Le socialisme français porte en lui le sionisme comme la nuée porte l’orage. (3e et dernière partie)

Ni en 1896, lorsque Théodor Herzl publie à Leipzig le texte fondateur du sionisme officiel, pas plus qu’en 1897 lorsqu’il organise le congrès sioniste mondial ou en 1905, année durant laquelle le choix de la Palestine est définitivement arrêté au VIIème congrès, le sionisme ne rencontre en France plus qu’une curiosité marginale. En conséquence, on ne trouve chez Jaurès qu’un point de vue parcellaire sur le sionisme, assimilable à un phénomène de mode passager, à notre connaissance du moins.

Mohamed Belhoucine*

Le sionisme culturaliste de Blum

Ni en 1896, lorsque Théodor Herzl publie à Leipzig le texte fondateur du sionisme officiel, pas plus qu’en 1897 lorsqu’il organise le congrès sioniste mondial ou en 1905, année durant laquelle le choix de la Palestine est définitivement arrêté au VIIème congrès, le sionisme ne rencontre en France plus qu’une curiosité marginale. En conséquence, on ne trouve chez Jaurès qu’un point de vue parcellaire sur le sionisme, assimilable à un phénomène de mode passager, à notre connaissance du moins.

Avec Léon Blum les choses sont bien différentes. Décrivant sa rencontre avec le sionisme, Léon Blum précise « dès le lendemain de la première guerre mondiale, Weizmann m’enrôla au service de ses desseins en s’aidant parfois de mes avis ».

Dès 1919, le sioniste français Léon Blum joue un rôle actif dans la défense du projet sioniste en intervenant pour obtenir la levée de l’opposition française au mandat anglais sur la Palestine :

« C’est un grand orgueil et une grande satisfaction pour moi de penser que j’ai pu l’aider dans la difficile négociation dont dépendait la création du Home National juif, et qui consistait à obtenir la levée simultanée de l’opposition française contre l’attribution du mandat palestinien à la Grande-Bretagne et de l’opposition américaine contre l’attribution du mandat syrien à la France. »

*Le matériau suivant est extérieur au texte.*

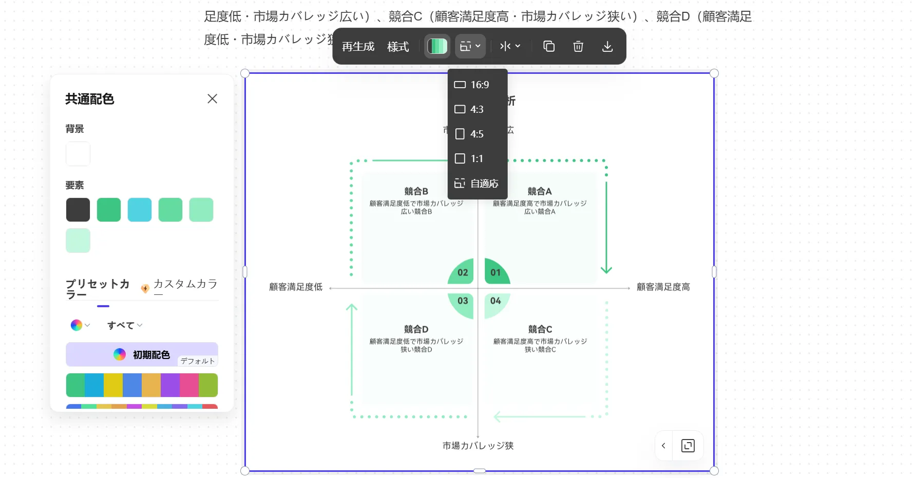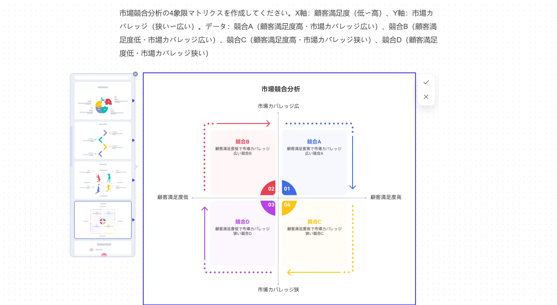 例えば、「市場競合分析の4象限マトリクスを作成してください。X軸:顧客満足度(低〜高)、Y軸:市場カバレッジ(狭い〜広い)。データ:競合A(顧客満足度高・市場カバレッジ広い)、競合B(顧客満足度低・市場カバレッジ広い)、競合C(顧客満足度高・市場カバレッジ狭い)、競合D(顧客満足度低・市場カバレッジ狭い)」と入力します。入力後に左側の青い生成ボタンをクリックすれば、数秒で4象限マトリクスが完成します。

Il participe dès sa création en 1928 au « Comité socialiste pour la Palestine ouvrière » et est désigné l’année suivante au comité élargi de « l’agence juive pour la Palestine ».

Dans son texte, les juifs devant le problème allemand, Léon Blum (décèdera en 1950) s’émerveille devant les kibboutz qu’il présente comme la solution à la question juive. « Comparez les jeunes pionniers avec leurs grands-parents du ghetto et jugez à quel point on peut transformer une race humaine ! » s’exclame le leader socialiste.

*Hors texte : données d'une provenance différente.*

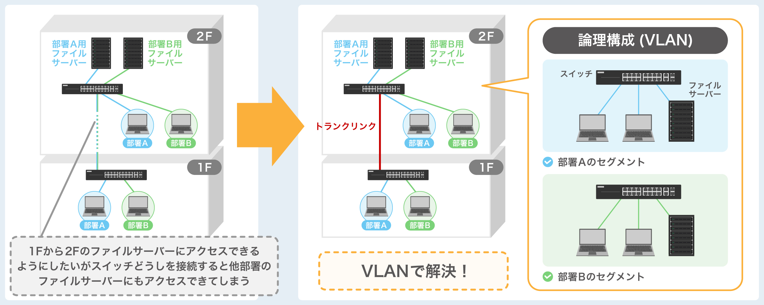 このケースでは物理的な制約により、各フロアの部署をまとめて1つのネットワークとして構築する必要がありました。そのため、異なるフロアに配置された同じ部署のメンバーどうしがネットワーク上で直接連携することができません。
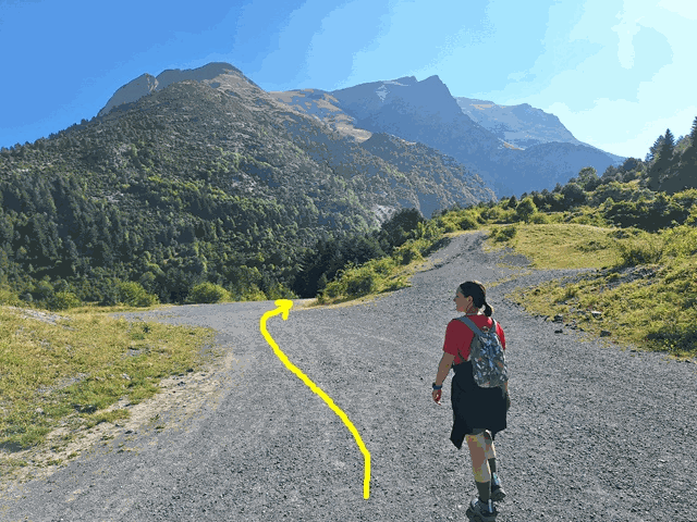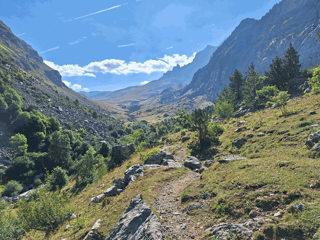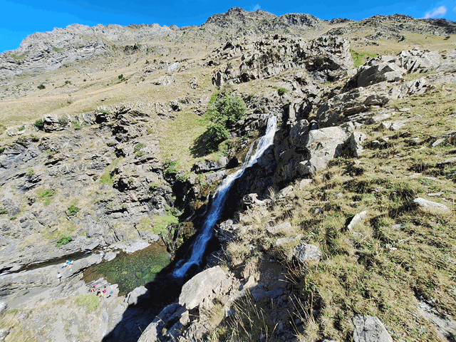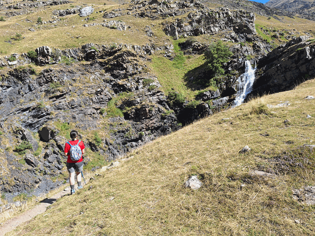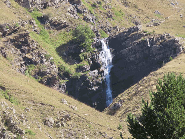 Hemos dejado a nuestra derecha un sendero que nos conduciría, de seguirlo, hasta el Ibón de Iserías. Nosotros continuamos por el camino paralelo al barranco de Izas. Una vez cruzado el segundo torrente, tendremos que remontar una pequeña loma que nos situará justo enfrente de la cascada.

L’admiration de Blum s’inscrit en continuité avec sa vision des « indigènes » et de la colonisation. Si les Palestiniens font écho dans la pensée de Blum aux indigènes arriérés, les militants sionistes construisant les kibboutz font également écho aux civilisateurs coloniaux. De même que la colonisation visait à civiliser les Africains, le sionisme visait à « transformer l’Orient en Occident » pour reprendre la formule éclairante d’Edward Saïd dans son magnifique et fondamental ouvrage « l’Orientalisme ».

Tout comme la colonisation visait à régénérer des peuples retardataires et féodaux, le sionisme a pour idée centrale « que l’Orient est dégénéré, qu’il a besoin d’être reconstruit conformément aux notions politiques de l’Occident éclairé » complète Edward Saïd.

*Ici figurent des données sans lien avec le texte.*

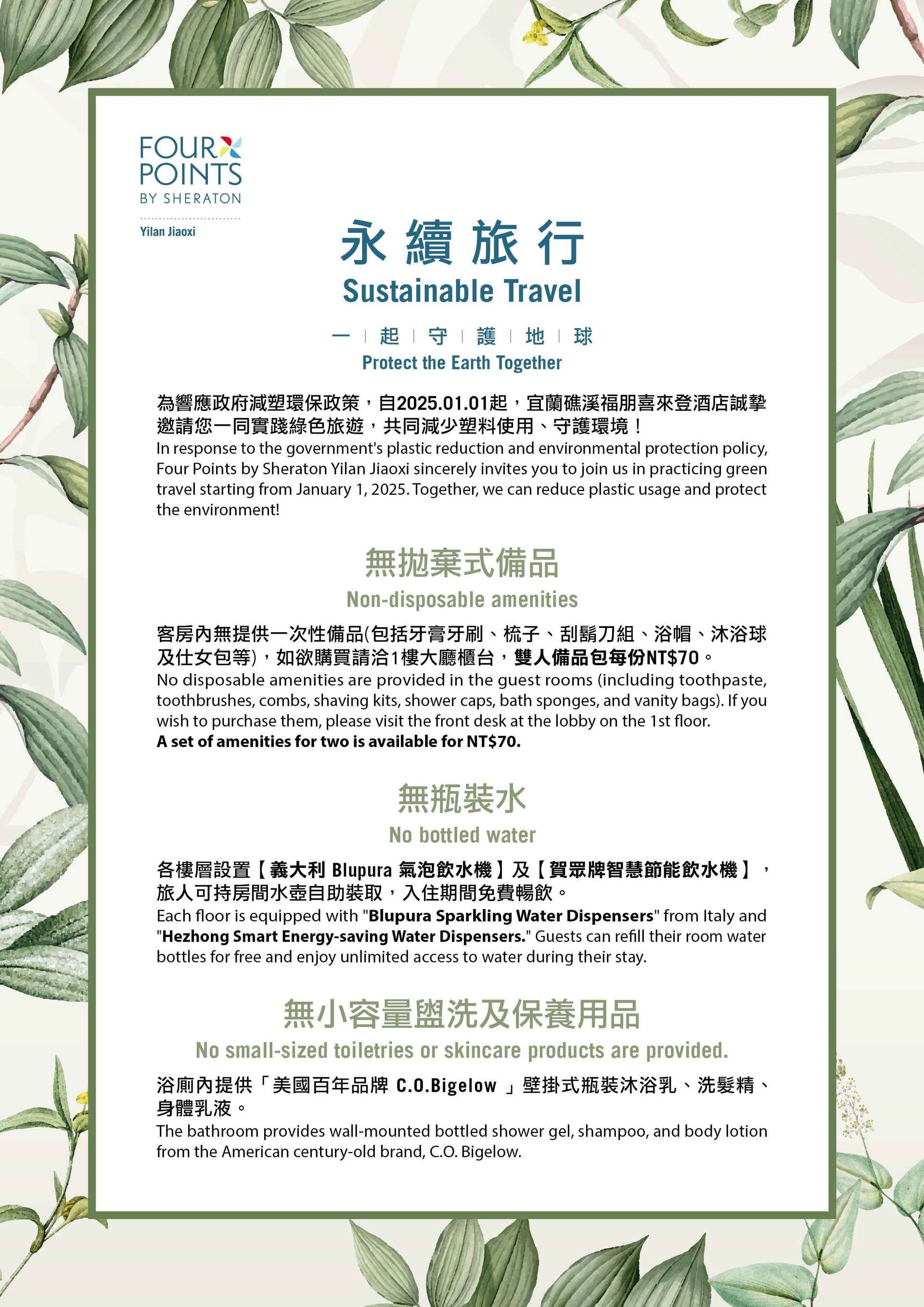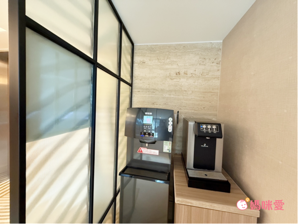 全客房無提供瓶裝水,房客可持房內水壺到梯間的飲水機取用。各樓層梯廳皆備飲水機及【義大利Blupura氣泡飲水機】

Pour reprendre une formule de Léon Blum, Israël apparaît dans cette logique comme « le rêve transposé au niveau de la réalité historique ». Une colonisation idéale en quelque sorte.

Le soutien socialiste au sionisme n’est, on le voit, le résultat d’aucun grand complot international. Il est tout simplement la continuité idéologique du colonialisme socialiste. C’est d’ailleurs la même raison qui conduit les socialistes au culturalisme intégrationniste en ce qui concerne les immigrés et leurs enfants français (voir Julien Dray (alias Bensousan originaire du quartier juif Derb d’Oran) sioniste ‘’socialiste’’, connu pour ses détournements de fond et abus de biens sociaux, un malfaiteur notoire, protégé par l’Etat profond français, initiateur du mouvement false flag SOS racisme créé en 1985, ‘’ne touche pas à mon pote’’. Sa famille militante OAS, fait partie du CRIF et du cercle dirigeant juif dans deux partis extrémistes judéonazis le Tagar et le Bétar).

Pour eux aussi, l’approche n’est pas celle du traitement égalitaire mais celle de l’intégration et de la civilisation.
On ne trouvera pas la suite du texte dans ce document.